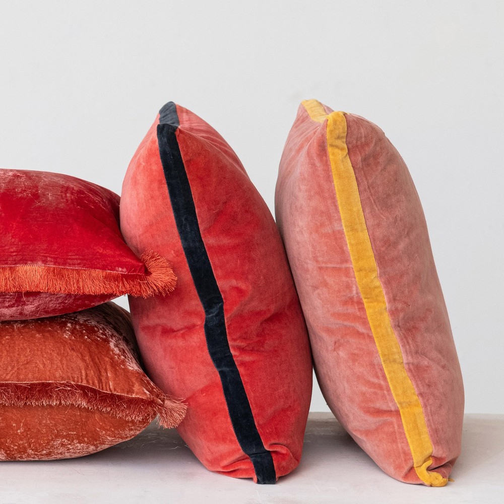This pillow is a stunning mix of bold colors and luxe texture! The rich berry and navy velvet feels so soft, and the art deco-inspired design adds a chic vintage touch. It’s the perfect pop of color for my couch—stylish yet comfy, with just the right amount of firmness. The contrasting gusset gives it a high-end look, and the quality is amazing. Love how it elevates my space effortlessly!
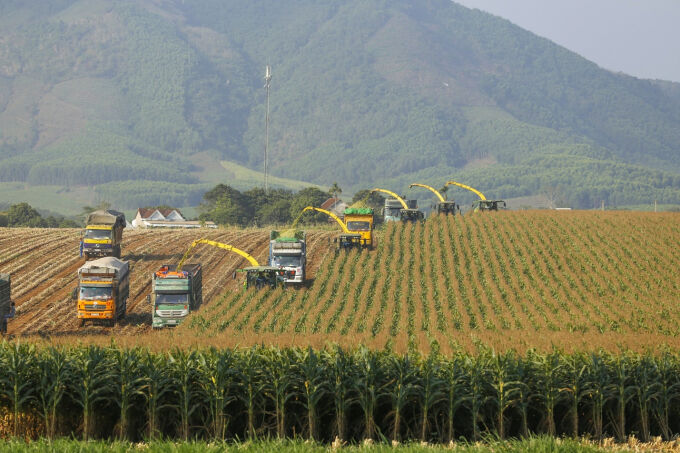 Các thiết bị máy móc hiện đại hàng đầu thế giới hoạt động trên những cánh đồng nguyên liệu của trang trại TH.
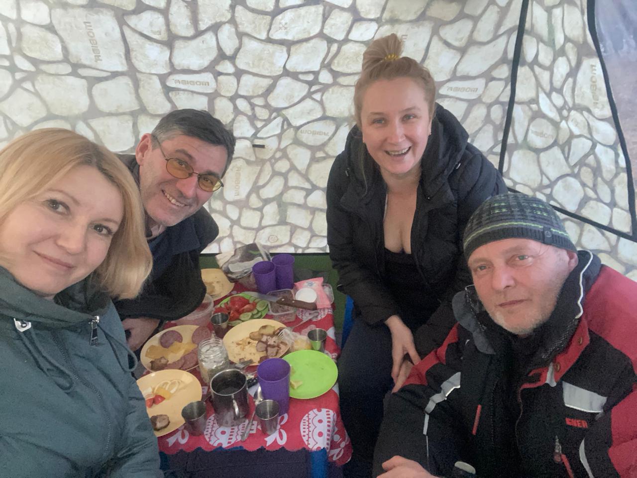 В шикарном стационаре у друзей мы парились вчера, а сегодня двинули в лес на нашу поляну. Жена захотела мяса с Шикардоса. Снег частично сошёл, солнце пригревает. После обеда плюс, и до 17 часов можно сидеть на улице.
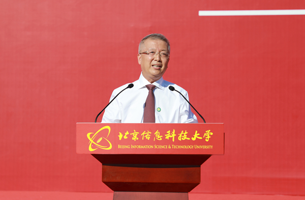 北京信息科技大学诞生于1937年的抗日烽火中,从“实业救国”、“工业报国”、“信息强国”,到“建设信息特色鲜明的高水平大学”,学校时刻把自身发展与时代需求紧密相连,形成了鲜明的信息特色、军工特色和行业特色。近年来,学校在关键技术领域勇攀高峰,教学科研不断再上新台阶,去年十月正式获批成为博士学位授予单位,今年九月开始本硕博全层次人才培养,新校区实现主体搬迁启用。你们的到来为学校注入了庞大的新生力量,也开启了同学们全新的人生阶段,学校定会竭尽全力为你们的成长成才保驾护航。作为校长,我衷心地希望同学们在信息科大这方宁静的校园里,学而不辍、赓续奋斗,把厚植爱国情怀、追求学术真理、探索世界本质作为目标,增长才干、涵养德行、勇担使命。在此,我有三点希望与同学们分享共勉:
-------
• **TASK STATEMENT**
With the pictures left out, give again exactly the lines from the one with "В шикарном стационаре" through the end of the data, both included.

• **RESULT**
 В шикарном стационаре у друзей мы парились вчера, а сегодня двинули в лес на нашу поляну. Жена захотела мяса с Шикардоса. Снег частично сошёл, солнце пригревает. После обеда плюс, и до 17 часов можно сидеть на улице.
 北京信息科技大学诞生于1937年的抗日烽火中,从“实业救国”、“工业报国”、“信息强国”,到“建设信息特色鲜明的高水平大学”,学校时刻把自身发展与时代需求紧密相连,形成了鲜明的信息特色、军工特色和行业特色。近年来,学校在关键技术领域勇攀高峰,教学科研不断再上新台阶,去年十月正式获批成为博士学位授予单位,今年九月开始本硕博全层次人才培养,新校区实现主体搬迁启用。你们的到来为学校注入了庞大的新生力量,也开启了同学们全新的人生阶段,学校定会竭尽全力为你们的成长成才保驾护航。作为校长,我衷心地希望同学们在信息科大这方宁静的校园里,学而不辍、赓续奋斗,把厚植爱国情怀、追求学术真理、探索世界本质作为目标,增长才干、涵养德行、勇担使命。在此,我有三点希望与同学们分享共勉:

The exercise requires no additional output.